If there is one place in Iran that Western observers would like to see spontaneously explode it is Fordow, where hardened bunkers built into the side of a mountain house Iran’s nuclear centrifuges. As the International Atomic Energy Agency reported last fall, it is there that the Iranians have stepped up their activity, enriching uranium at a rate that might soon accumulate enough material to allow Tehran to begin amassing their own nuclear arsenal. But even if the reports about an explosion are true, it is: a) by no means certain that the event was not an accident rather than part of a daring operation conducted by American and/or Israeli intelligence forces, and b) no guarantee that the Iranian program has been dealt anything more than an insignificant setback.
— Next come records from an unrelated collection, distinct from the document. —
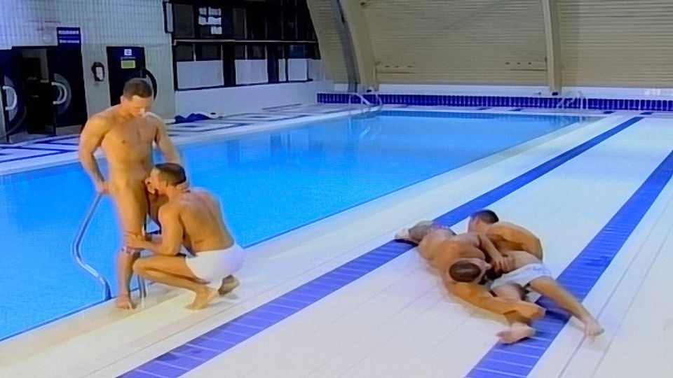 Poolside has never been hotter as these muscled swimming jocks share their cocks!
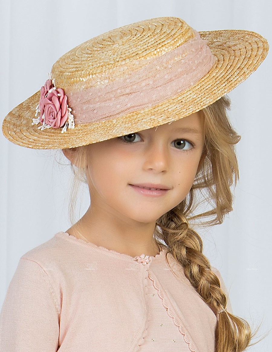 Abel & Lula Spring-Summer 2019 Collection. Girls beige straw hat with pink flowers Satin and tulle ribbon.
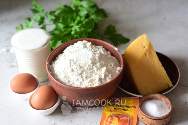 Возьмём необходимые ингредиенты для приготовления сырных палочек на кефире в духовке.

The objective lesson here is the widespread optimism within the U.S. government in late 2011 when the reports about the Stuxnet computer virus were first published. The assumption that the Iranians were either too unsophisticated or too dumb to cope with the virtual attack proved ridiculously optimistic. Stuxnet may have delayed the Iranian program, but it wasn’t stopped. Indeed, the Iranians not only redoubled their efforts in the subsequent year but also counterattacked with their own computer virus attacks against U.S. banks.

Thus, whether the Fordow rumors are substantiated or debunked in the coming weeks and months, no one should assume that this resolves the question about what to do about Iran’s nuclear threat. Making sure that Iran is–as President Obama promised in his foreign policy debate with Mitt Romney–deprived of a nuclear program will require more than cloak and dagger operations. An outcome that removes the danger of an Iranian nuke will mean that either Iran surrenders its nuclear option on its own in a verified program or a full-scale air assault on all of the Iranian facilities that would ensure that it would take many years and more treasure than the Iranians can amass to rebuild them.

Given the apocalyptic stakes involved in a potential nuclear weapon being placed in the hands of the religious fanatics in charge of Iran, the United States and Israel are justified in any effort they undertake to stop the Iranians, up to and including the use of force. That’s why Israelis are hoping that if President Obama is ever truly convinced that diplomacy won’t work, an American attack using Massive Ordinance Penetrator bombs that the Jewish state doesn’t possess will do the job at Fordow. But while we hope that all efforts to stop the Iranians, including diplomacy, sanctions and covert action, are successful, reliance on any measure that falls short of a comprehensive attack or verifiable and complete diplomatic surrender is probably nothing more than wishful thinking.